> To do
Omitting the pictures, restate all of the entries below exactly.

> Given data
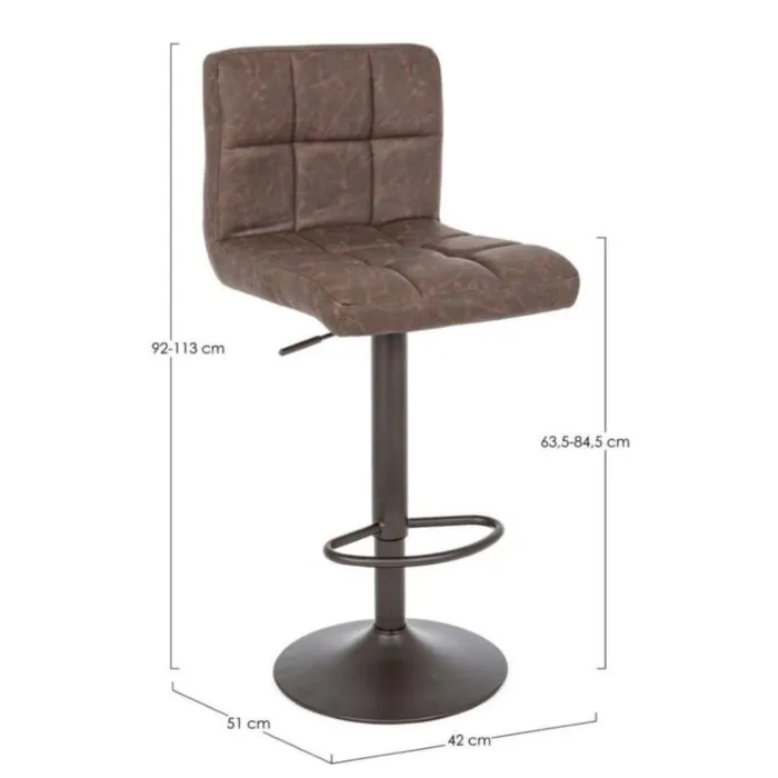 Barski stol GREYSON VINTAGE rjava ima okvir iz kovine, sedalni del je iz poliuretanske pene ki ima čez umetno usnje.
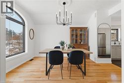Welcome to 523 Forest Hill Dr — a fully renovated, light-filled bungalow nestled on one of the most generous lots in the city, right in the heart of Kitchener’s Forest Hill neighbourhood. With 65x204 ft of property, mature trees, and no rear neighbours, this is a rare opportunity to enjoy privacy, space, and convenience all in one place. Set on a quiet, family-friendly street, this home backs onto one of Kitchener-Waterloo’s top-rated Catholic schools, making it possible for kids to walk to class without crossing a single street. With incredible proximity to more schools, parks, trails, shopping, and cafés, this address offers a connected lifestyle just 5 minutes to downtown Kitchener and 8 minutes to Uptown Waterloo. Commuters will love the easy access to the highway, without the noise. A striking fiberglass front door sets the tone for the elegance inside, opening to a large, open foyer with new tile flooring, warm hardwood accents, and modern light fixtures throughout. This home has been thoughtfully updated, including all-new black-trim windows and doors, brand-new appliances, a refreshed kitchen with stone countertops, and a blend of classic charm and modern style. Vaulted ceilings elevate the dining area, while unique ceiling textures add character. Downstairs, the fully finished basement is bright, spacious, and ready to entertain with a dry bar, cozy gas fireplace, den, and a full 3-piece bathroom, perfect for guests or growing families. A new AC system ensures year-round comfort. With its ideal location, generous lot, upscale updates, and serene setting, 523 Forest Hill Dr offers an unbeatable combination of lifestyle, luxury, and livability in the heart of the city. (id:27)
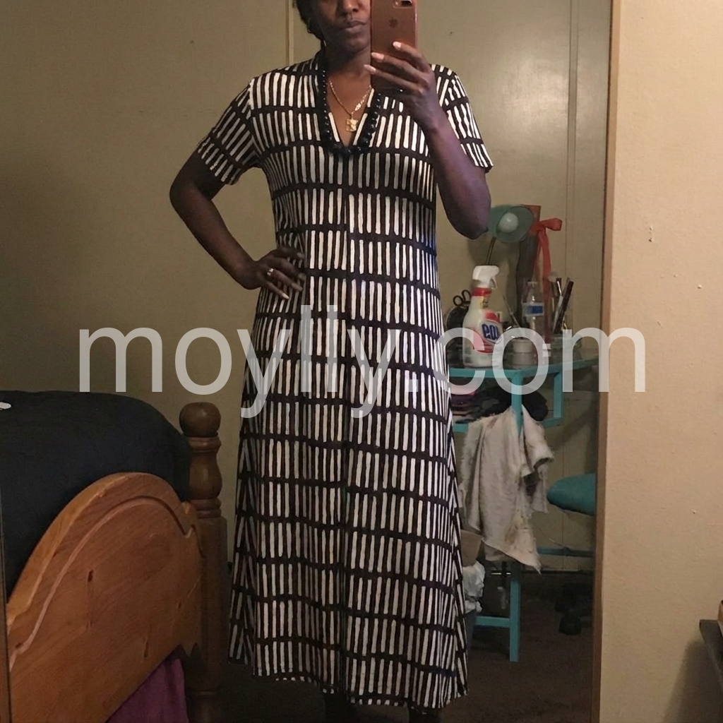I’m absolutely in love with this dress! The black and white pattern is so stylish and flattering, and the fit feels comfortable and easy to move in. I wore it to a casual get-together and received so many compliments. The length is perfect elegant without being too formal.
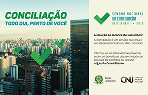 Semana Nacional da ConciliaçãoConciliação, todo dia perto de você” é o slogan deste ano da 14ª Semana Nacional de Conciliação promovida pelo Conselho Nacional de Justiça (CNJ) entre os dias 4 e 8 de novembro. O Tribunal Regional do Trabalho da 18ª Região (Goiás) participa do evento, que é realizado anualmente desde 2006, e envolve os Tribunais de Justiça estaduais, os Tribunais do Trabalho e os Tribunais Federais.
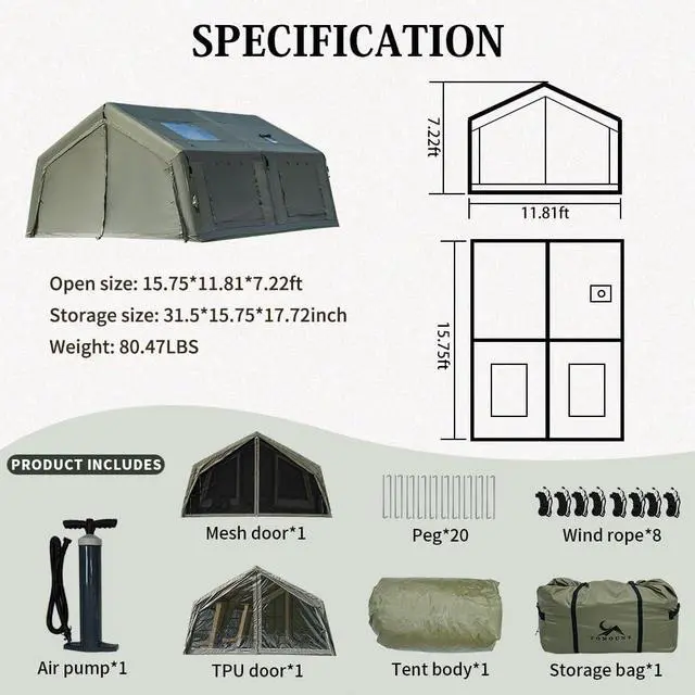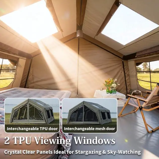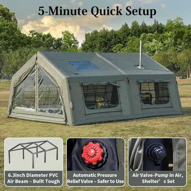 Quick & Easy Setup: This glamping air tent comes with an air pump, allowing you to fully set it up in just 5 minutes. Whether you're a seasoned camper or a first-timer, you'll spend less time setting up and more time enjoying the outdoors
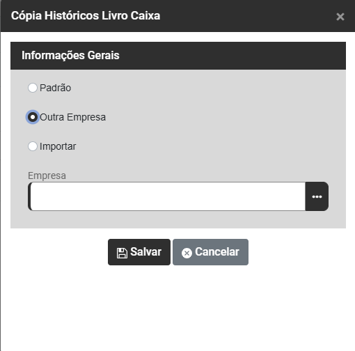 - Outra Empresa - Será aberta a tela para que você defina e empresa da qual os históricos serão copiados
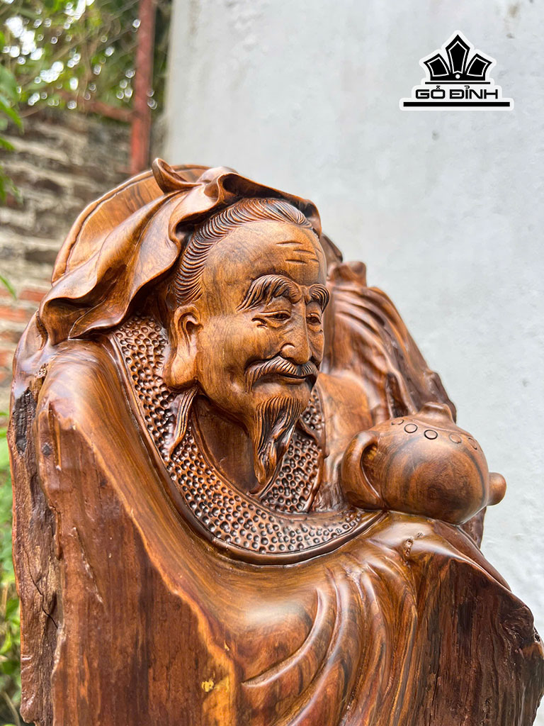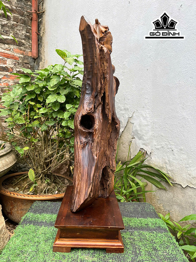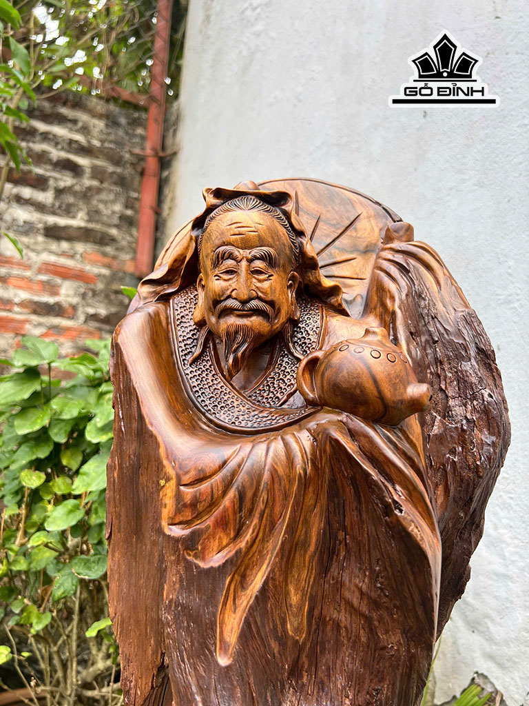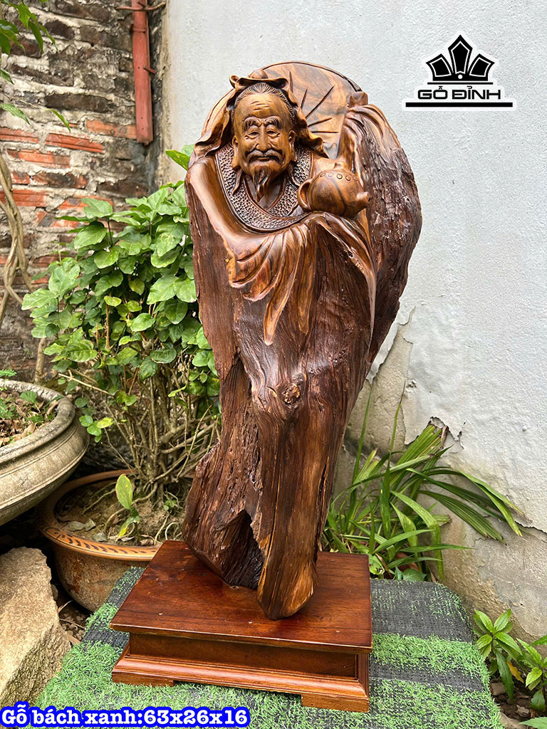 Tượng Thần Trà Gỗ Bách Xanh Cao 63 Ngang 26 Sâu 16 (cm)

> Solution
 Barski stol GREYSON VINTAGE rjava ima okvir iz kovine, sedalni del je iz poliuretanske pene ki ima čez umetno usnje.
Welcome to 523 Forest Hill Dr — a fully renovated, light-filled bungalow nestled on one of the most generous lots in the city, right in the heart of Kitchener’s Forest Hill neighbourhood. With 65x204 ft of property, mature trees, and no rear neighbours, this is a rare opportunity to enjoy privacy, space, and convenience all in one place. Set on a quiet, family-friendly street, this home backs onto one of Kitchener-Waterloo’s top-rated Catholic schools, making it possible for kids to walk to class without crossing a single street. With incredible proximity to more schools, parks, trails, shopping, and cafés, this address offers a connected lifestyle just 5 minutes to downtown Kitchener and 8 minutes to Uptown Waterloo. Commuters will love the easy access to the highway, without the noise. A striking fiberglass front door sets the tone for the elegance inside, opening to a large, open foyer with new tile flooring, warm hardwood accents, and modern light fixtures throughout. This home has been thoughtfully updated, including all-new black-trim windows and doors, brand-new appliances, a refreshed kitchen with stone countertops, and a blend of classic charm and modern style. Vaulted ceilings elevate the dining area, while unique ceiling textures add character. Downstairs, the fully finished basement is bright, spacious, and ready to entertain with a dry bar, cozy gas fireplace, den, and a full 3-piece bathroom, perfect for guests or growing families. A new AC system ensures year-round comfort. With its ideal location, generous lot, upscale updates, and serene setting, 523 Forest Hill Dr offers an unbeatable combination of lifestyle, luxury, and livability in the heart of the city. (id:27)
I’m absolutely in love with this dress! The black and white pattern is so stylish and flattering, and the fit feels comfortable and easy to move in. I wore it to a casual get-together and received so many compliments. The length is perfect elegant without being too formal.
 Semana Nacional da ConciliaçãoConciliação, todo dia perto de você” é o slogan deste ano da 14ª Semana Nacional de Conciliação promovida pelo Conselho Nacional de Justiça (CNJ) entre os dias 4 e 8 de novembro. O Tribunal Regional do Trabalho da 18ª Região (Goiás) participa do evento, que é realizado anualmente desde 2006, e envolve os Tribunais de Justiça estaduais, os Tribunais do Trabalho e os Tribunais Federais.
 Quick & Easy Setup: This glamping air tent comes with an air pump, allowing you to fully set it up in just 5 minutes. Whether you're a seasoned camper or a first-timer, you'll spend less time setting up and more time enjoying the outdoors
 - Outra Empresa - Será aberta a tela para que você defina e empresa da qual os históricos serão copiados
 Tượng Thần Trà Gỗ Bách Xanh Cao 63 Ngang 26 Sâu 16 (cm)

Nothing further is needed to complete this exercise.